Several years ago a large radio network - crystal media - had a radio station in the carolinas where on some of their talk shows openly advocated trying to hit bicyclists and hitchhikers with cans of something. Needless to say it pissed off a large group of people and they finally stopped - but until not after several people were hit.


----------



## Tude

Awesome thread everyone!!


----------



## rooster831

The "Thumbs up!"

So you're hitchin'. You got your thumb out. Some yuppie sees ya. The yuppie ain't gunna pick you up, no fuckin way, but they react in one of two ways but visually in the same way: giving you a thumbs up. To me it's either "Hey! Thumbs up! I approve!" or "Hey! I can put my thumb up too!" and i just assume they're not thinking the later.


----------



## deleted user

The House of Jokers

a car full of young people that seemingly encourage you with their hollering and such, but are really just a bunch of twats.


----------



## rooster831

the "Drive-by shouting"

Its an on-ramp, maybe a walkable US route, or any fuckin road. The point is, you're hitchin and while the traffic passes you by there's one person, driving their shitty car, that's either having a shitty day or is just shitty in general. They're mad, then they see u: you're an instant target cause hay, what better way to let off steam then to scream obscene words at a homeless person trying to get a ride, right? Their window goes down, you see it happen and think "hey what could this be? a ride? random kickdown?" NOPE. All you get is a mouth full of "FUCK YOU YA HOMELESS PIECE OF SHIT GET A JOB EAT A DICK GO DIE . . . !" etc etc.

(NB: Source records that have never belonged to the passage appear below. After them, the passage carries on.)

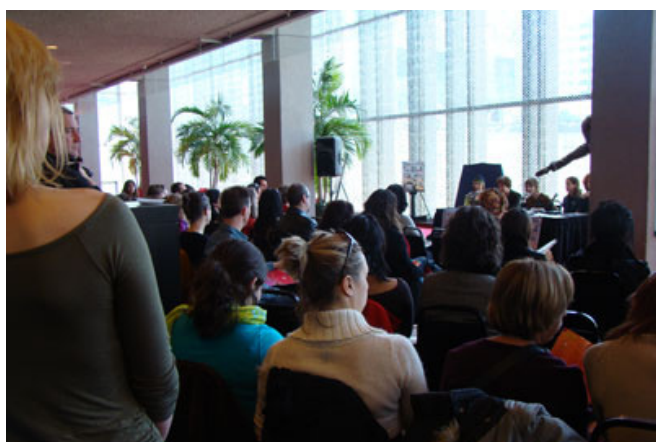
Plus de soixante-quinze personnes étaient présentes à la conférence de presse où était dévoilée la programmation de la quatrième édition de Pas de danse, pas de vie! , le 15 avril 2008 au foyer Jean-Gascon de la Place des Arts.
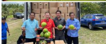
YB Tuan Chan Foong Hin, Timbalan Menteri Pertanian dan Keterjaminan Makanan telah mengadakan lawatan kerja ke Ibu Pejabat Lembaga Pemasaran Pertanian Persekutuan (FAMA) bagi mendapatkan maklumat dengan lebih lanjut berkaitan peranan FAMA dalam sektor pemasaran agromakanan negara. 21 Mac 2023 | Ibu Pejabat FAMA, Selangor.
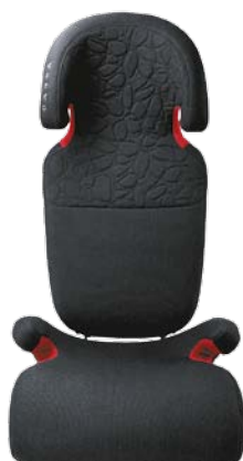
Rehausseur et dossier pour enfant en laine (15–36 kg). 205 €
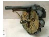
Револьвер с 8 барабанами
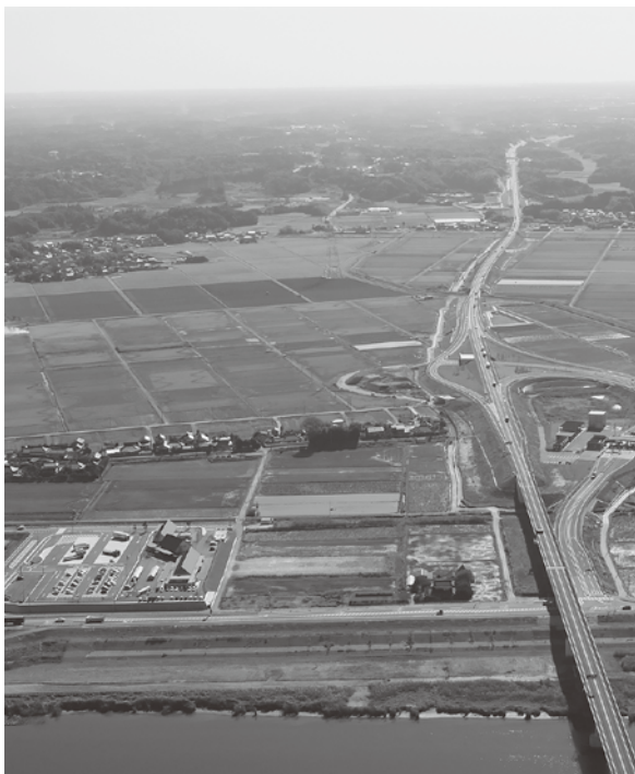
神崎ICと道の駅(オープン当時)

町長 現在、いちごハウスが周辺地域で一番いい場所に入っております。観光目的として道の駅への寄与もある。他の企業誘致は、具体的には見えておりませんが、飲食店(コーヒーマ、食堂等)であったりしますが少しずつ始めたいと思っています。また、町民から一番要望のあった「公園」を設置したいと思っています。予算のかかることなので、順次進めていきたいと思っています。
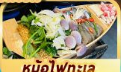
หม้อไฟทะเล
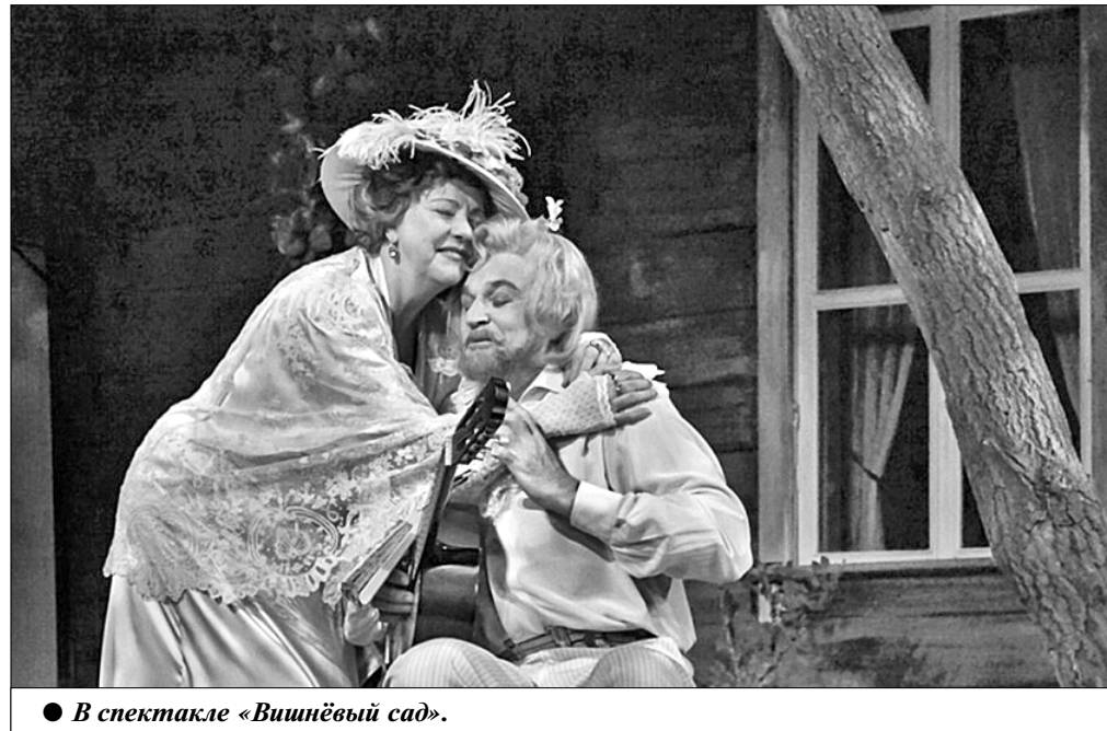
● В спектакле «Вишнёвый сад».

— МХАТ всегда был театром современной пьесы. А кому из современных драматургов лично вы сегодня отдаёте предпочтение? — Назову Юрия Полюкова. Я играю в его пьесах и должна признаться, что очень люблю его тексты — искромётность языка, редчайшее чувство юмора, очень тонкого и тёплого. Одна из последних моих работ — спектакль «Лютти»

A funny real life example is as follows: A traveler i know was hitching with a sign that said "What Would Jesus Do?" Some shitty old bag drove by and said "HE'D WALK, ASSHOLE!"


----------



## deleted user

rooster831 said:


> the "Drive-by shouting"
> 
> Its an on-ramp, maybe a walkable US route, or any fuckin road. The point is, you're hitchin and while the traffic passes you by there's one person, driving their shitty car, that's either having a shitty day or is just shitty in general. They're mad, then they see u: you're an instant target cause hay, what better way to let off steam then to scream obscene words at a homeless person trying to get a ride, right? Their window goes down, you see it happen and think "hey what could this be? a ride? random kickdown?" NOPE. All you get is a mouth full of "FUCK YOU YA HOMELESS PIECE OF SHIT GET A JOB EAT A DICK GO DIE . . . !" etc etc.
> 
> A funny real life example is as follows: A traveler i know was hitching with a sign that said "What Would Jesus Do?" Some shitty old bag drove by and said "HE'D WALK, ASSHOLE!"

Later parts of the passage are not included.